Quanno ce vo', ce vo' |
LICENZA
DI SCEMENZA
Lungi
da me l'intenzione di difendere Luca Barbareschi, che, al contrario,
piglierei volentieri a calci: è solo che non capisco lo sconcerto se
è lui che prende a sberle un provocatore. Perché qui non c'è
notorietà che tenga, nessuna rilevanza pubblica giustifica la
sopportazione di un idiota che ti tampina, ti irride, ti tormenta. Ma
siamo onesti: chi è che, molestato senza requie per la strada, non
reagirebbe in modo esasperato? Ora, non si capisce perché dei
rompicoglioni a gettone con su la divisa delle Jene, di Striscia la
notizia o di qualsiasi altro programmino pseudomoralistico,
dovrebbero godere della licenza di stressare. Oppure quell'altro
inspiegabile personaggio, Paolini, la faccia da schiaffi che come
mestiere si è scelto le invasioni di campo televisivo: tutti
ricordiamo con affetto Paolo Frajese che, con calma olimpica, si girò
per mollargli una sacrosanta raffica di pedate nel culo. Spiegatemi:
perché questi scemi dovrebbero essere intoccabili, ed anzi
risarcibili? Ma non sono reati quelli che compiono? Questo
non è il tanto invano scomodato diritto-dovere dell'informazione, se
Barbareschi ruba il suo stipendio da parlamentare ci sono, volendo,
organi deputati a farglielo risputare. Ma che sia la televisione ad
assumersi il ruolo vicario di giustiziere, questa è una balla
bella e buona ed io al codice televisivo proprio non vedo perché
dovrei assoggettarmi. Per cui, in assenza di una tutela dalla follia, rivendico piena facoltà di difendermi a modo
mio: in quale Decalogo sta scritto che basta indossare una livrea
televisiva per conquistarsi l'impunità? Abbiamo maturato davvero un
curioso modo di pensare: ci scanniamo per tutto e per niente, ma
davanti ai paladini del nulla ci lasciamo infliggere qualsiasi violenza e
se qualcuno si ribella abbiamo pure il coraggio di scandalizzarci.

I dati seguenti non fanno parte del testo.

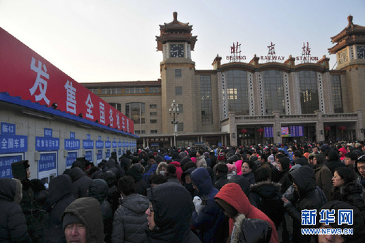 為了應對大客流量,北京西站昨日啟用地下候車區,北京站售票廳則臨時限流。昨日(22日)開售1月31日(臘月二十八)車票,北京各大火車站,所有始發列車座票和臥鋪票告罄。
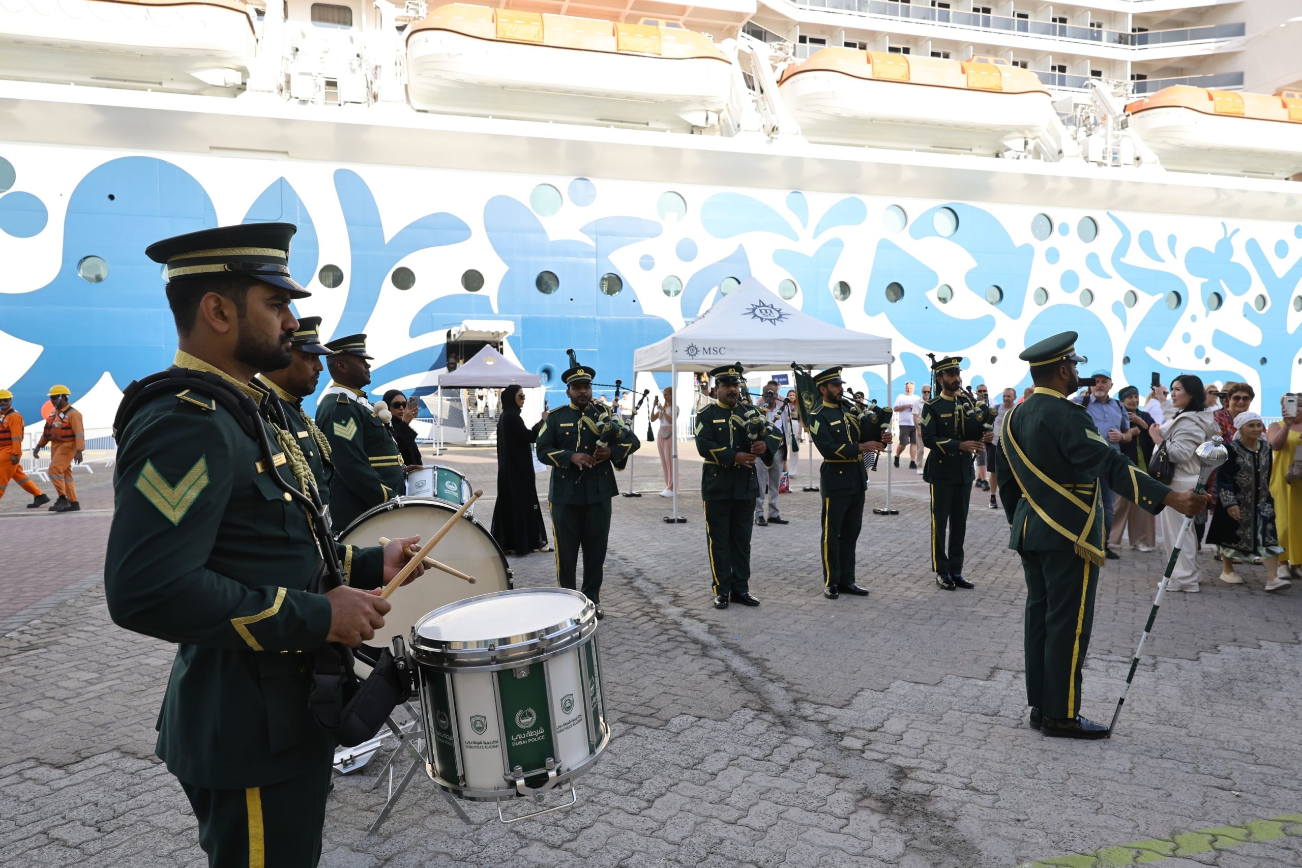 نظمت القيادة العامة لشرطة دبي، ممثلة في إدارة الشرطة السياحية، استقبالاً مميزاً لنحو 7000 زائر، بينهم 5400 سائح و1600 من طاقم سفينة “MSC Cruises” العملاقة فور وصولها ميناء راشد، وذلك ضمن فعاليات مبادرة “فرحة سائح” التي أطلقتها الشرطة لتقديم تجربة استثنائية للزوار وترسيخ مكانة الإمارة كواحدة من أكثر الوجهات العالمية أمانا وضيافة.
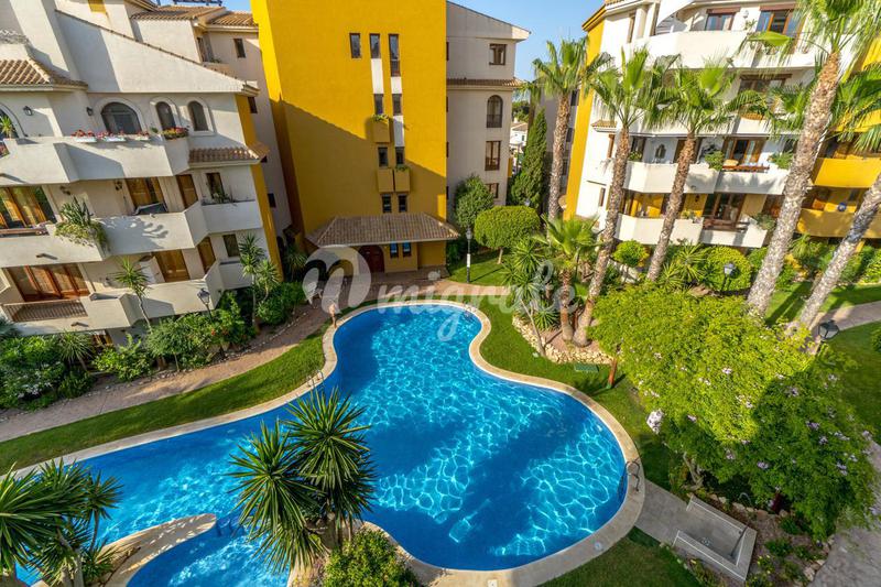 Прекрасно расположенная квартира с одной спальней, ориентация на западную сторону. Рядом со всеми удобствами. В пешей доступности гольф клуб La Quinta Golf. Гостиная, укомплектованная кухня, спальня с
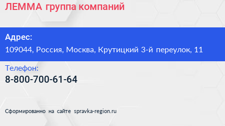 ЛЕММА, группа компаний по адресу 109044, Россия, Москва, Крутицкий 3-й переулок, 11 в дальнейшем Организация, размещена в следующих категориях:
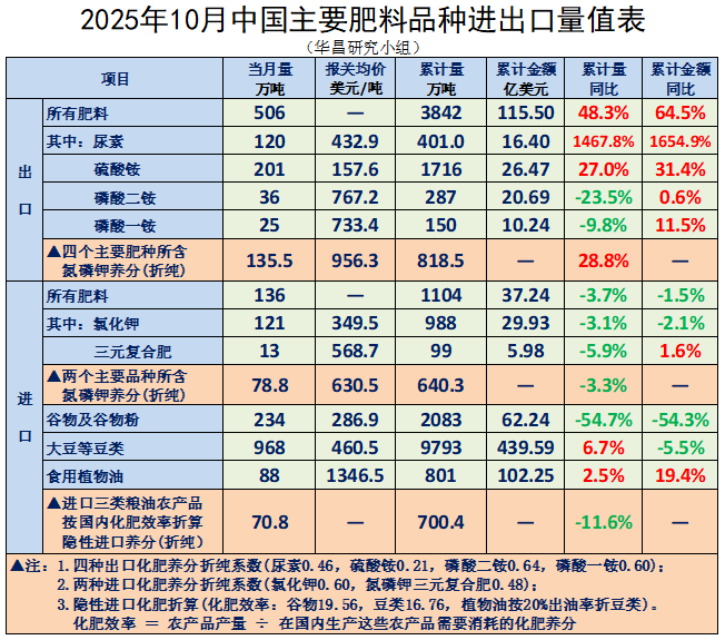 据中国海关统计,2025年10月中国共出口各种肥料506万吨;其中,尿素120万吨,硫酸铵201万吨,磷酸二铵36万吨,磷酸一铵25万吨。
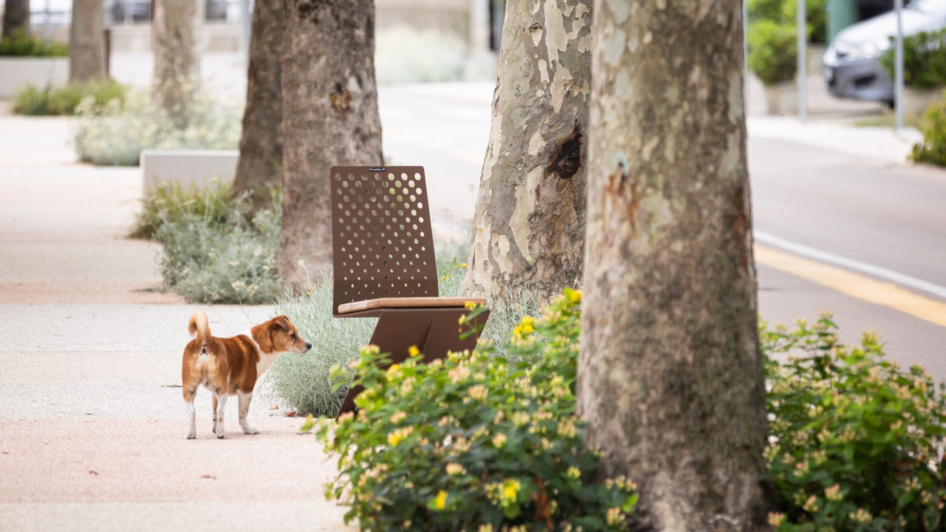 Tutti gli elementi di arredo urbano presentano una palette di colori corten, che si armonizza con la pavimentazione dai toni chiari per evocare un’atmosfera mediterranea piacevole.
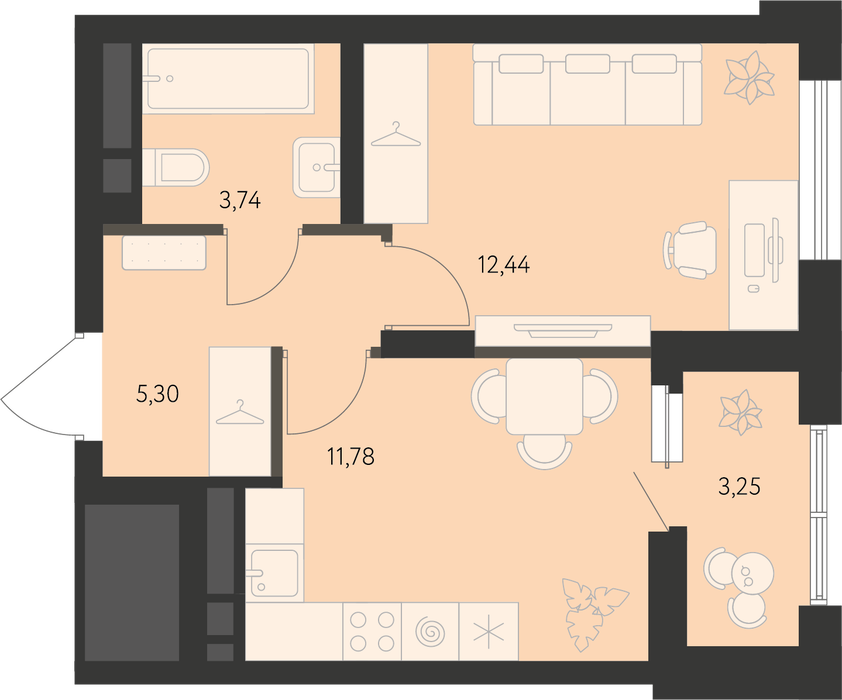 • 1-к квартира, Вильгельма Де Генина, 3.6.1, ЖК "Первый Академ"
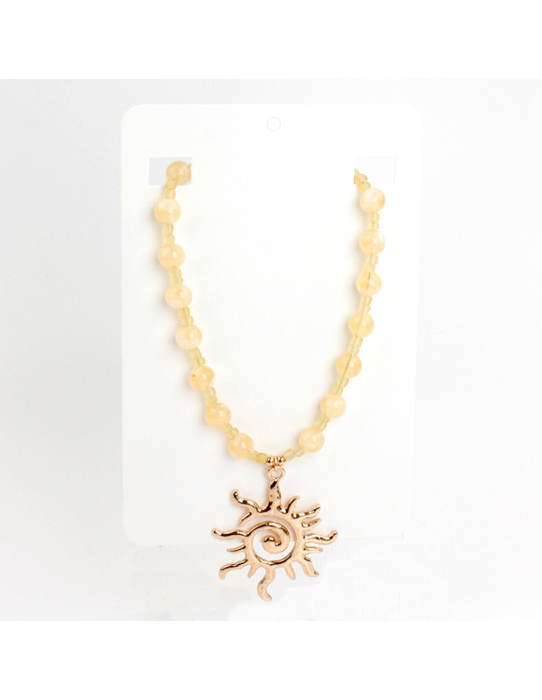 Collar flexible de lenga, enhebrado con bolitas de acrílico combinadas con mostacillas diferenciadas y dije exclusivo de fundición con forma de sol.
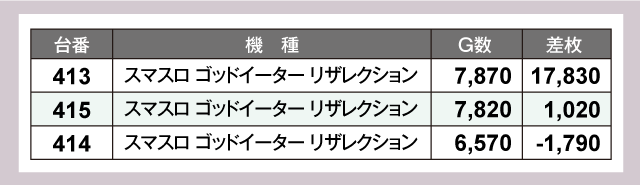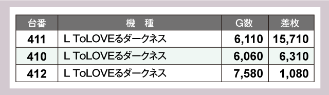 この日、パチスロコーナーで最もプレイヤーの注目を集めていたのが『L ToLOVEるダークネス』で、411番台が怒涛の+15,710枚を記録。しかも、最終的に設置されている3台全てがプラス差枚となる見事な結果を残しているだけに、ファンにとって充実の一日となったのは間違いないだろう。
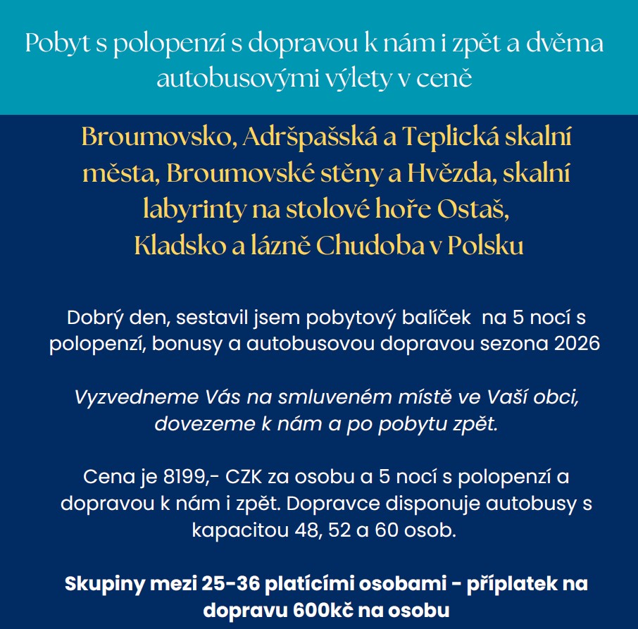 Sestavili jsme pro vás pobytový balíček na 5 nocí s polopenzí v termínu 14. - 19. 6. 2026, v hotelu Praha v Broumově. Těšit se můžete na oblasti Broumovska, zahrnující Adršpašská a Teplická skalní města, Broumovské stěny a další přírodní krásy. Cena 8199 Kč zahrnuje dopravu z vaší obce a zpět, s možností ubytování pro skupiny. Pro skupiny mezi 25-36 platícími osobami je příplatek na dopravu 600 Kč na osobu. Neváhejte a využijte této nabídky pro pohodový pobyt v přírodě.
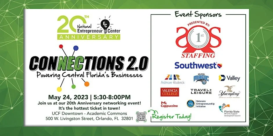Join NAWBO Orlando and other NEC partners at the National Entrepreneur Center’s 20th Anniversary Networking event.
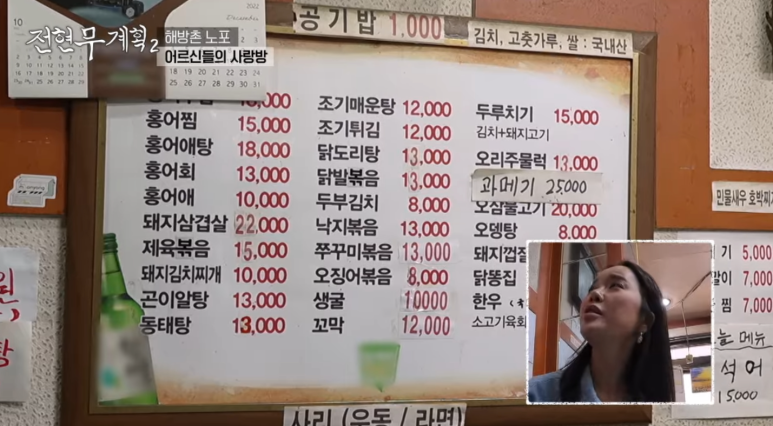전현무와 백지영이 먹은 김치 돼지 두루치기는 15,000원이며, 공기밥은 별도다 해방촌 고창집은 할머니의 전라도 손맛으로 만든 집밥 느낌의 반찬들도 푸짐하게 차려졌는데 반찬 그릇들은 마치 할머니집에서 볼 법한 접시들로 구성되어 있어 더 정겨운 느낌을 준다
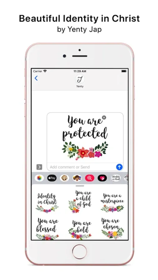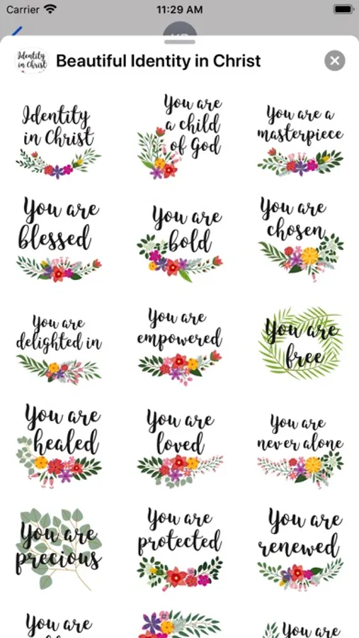 Identity in Christ is a collection of iMessage stickers that remind us of Gods gifts to us. This collection was purposely designed so you can easily use it to send to your friends, family and anyone that you think needs a daily reminder of who they are.

Come se la stramaledetta televisione e i suoi cretinetti dovessero
passare sopra qualsiasi residuo di dignità, di educazione, di
privacy. Come se io dovessi per forza divertirmi, stare al gioco del
primo imbecille che mi rinfaccia una brutta figura, una malattia, un
insuccesso o le corna. In compenso, la privacy si osserva
scrupolosamente quando sarebbe cosa buona e giusta farne a meno. A
Belluno, un malcapitato ha aperto un cartone del latte e dentro c'era
un topo morto; l'azienza produttrice, anziché scusarsi, ha preteso
la fotografia del ratto, trattando un cliente traumatizzato come un
ladro. Qual è questa azienda così pericolosa non meno che
tracotante? Mistero, non si legge da nessuna parte. Forse dovrebbero
mandargli l'idiota con la collana di profilattici, o i parigrado
delle Jene. Ma non ce li mandano: quelli non menano e tantomeno
stanno allo scherzo, quelli querelano.